Иногда в литературоведении утверждается, что Николай (да и непосредственно занимающийся поэтом Бенкендорф) неспособны были оценить поэта, видели в нем лишь мелкого чиновника. Нет. Знали, понимали, ценили – все, разумеется, по-своему. Понимали, что поэт мог серьезно влиять (и влиял) на умы граждан России (вспомним лишь о роли пушкинских стихов в декабристском движении).

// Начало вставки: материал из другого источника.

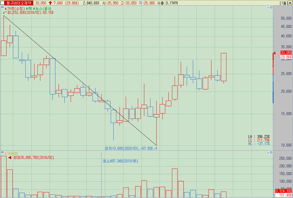 ▲ 기본기도 좋고, 20년 여름부터 형성된 박스를 거래량이 동반된 장대양봉으로 돌파한 것도 의미가 있다. 30000원 전후의 지지를 받고 간다면 상장 초이자 종목상 최고가인 5.26만원 까지도 갈 수 있는 상황.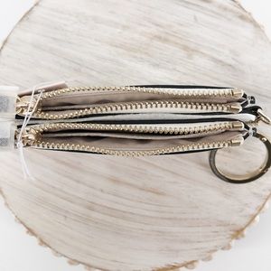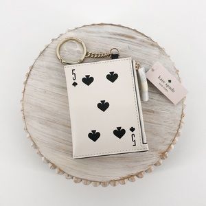 Kate Spade Black White Multi Lucky Draw Key Fob Double Zip Card Coin Purse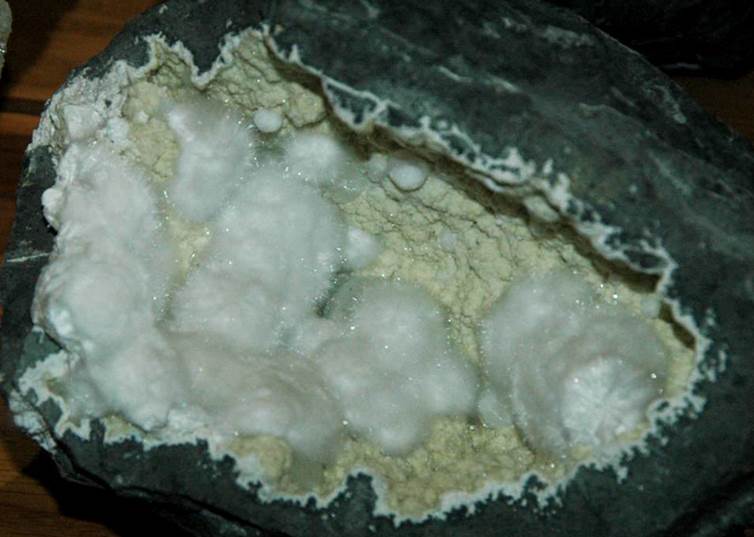 cavities in some basalt lava flows. It forms whitish-colored tufts or
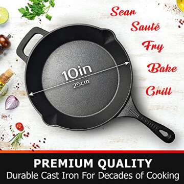 Show more Discover the culinary magic of the Mueller Heavy-Duty Cast Iron Skillet, your new kitchen companion crafted for both versatility and durability. This 10-inch pre-seasoned pan is an essential tool for anyone who loves to cook, whether you're a seasoned chef or a passionate home cook. Designed from premium, heavy-duty cast iron, this skillet ensures impressive heat distribution and retention, allowing you to achieve the perfect sear every single time. It's not just a frying pan; it's a culinary powerhouse that brings a touch of rustic charm to your kitchen.
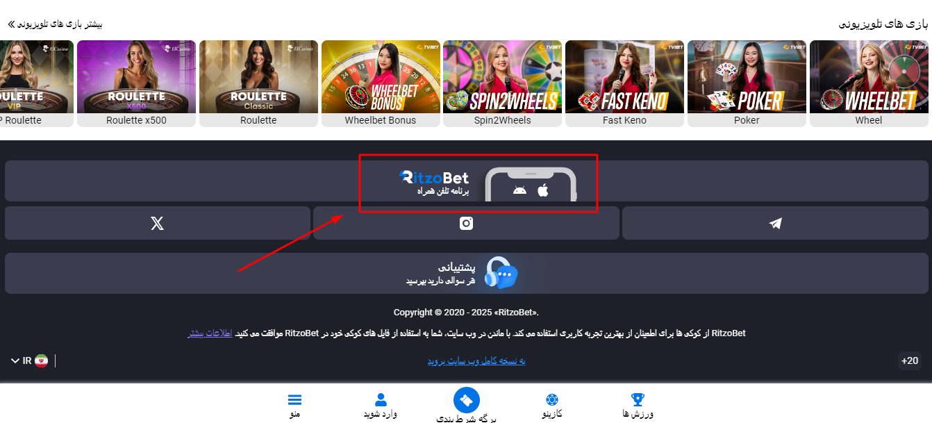 بهتر است فقط از لینک های رسمی سایت Ritzo Bet استفاده شود تا نسخه اصلی دریافت گردد.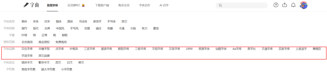 最近还增加了一个模块,以前在发现字体中才能筛选到的字体品牌。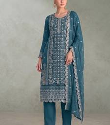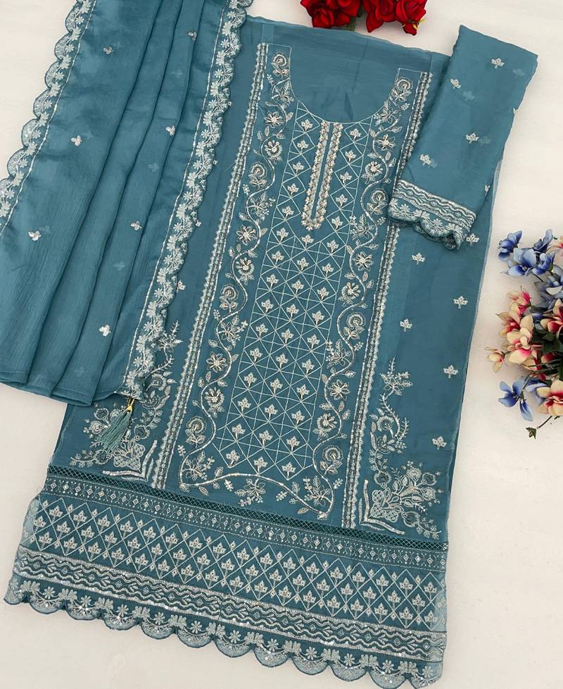 Sky blue pakistani straight suit for women chiffon semi stitched

Именно поняв это, Николай резко изменил судьбу поэта, не только вызволил из глуши Михайловских лесов и назвал его «умнейшим в России человеком», но и привлек его непосредственно к государственным делам. Молодой царь заказал ему написание Записки «О народном воспитании», то есть, по нынешним понятиям, привлек его в свои (своего рода) советники. Пушкин с оптимизмом и благодарностью (последнее по-человечески вполне объяснимо) воспринял эти знаки монаршьего внимания. Вспомним хотя бы его «Стансы», в которых автор сравнивает царя с Петром I. Есть и другие свидетельства этому. Так, в июне 1827 г., как уже отмечалось выше, Бенкендорф докладывал Николаю: «Он (Пушкин. – А. Н.) все-таки порядочный шалопай, но если удастся направить его перо и речи, то это будет выгодно». Так что действительно и знали, и ценили. Надежды, однако, как самого поэта, так и Николая с Бенкендорфом, оказались, как известно, напрасными. Спустя семь лет более или менее тесного общения со своим цензором последний «возвел» поэта в камер-юнкерское звание. По самолюбию поэта был нанесен сильнейший удар (людям государственного масштаба такого чина не даровали), хотя новые придворные обязанности заметно приблизили поэта к «коридорам власти» – и к самому царю, и к его министрам, и к другим сановникам. Что же вынес поэт от общения с ними или хотя бы из близкого за ними наблюдения?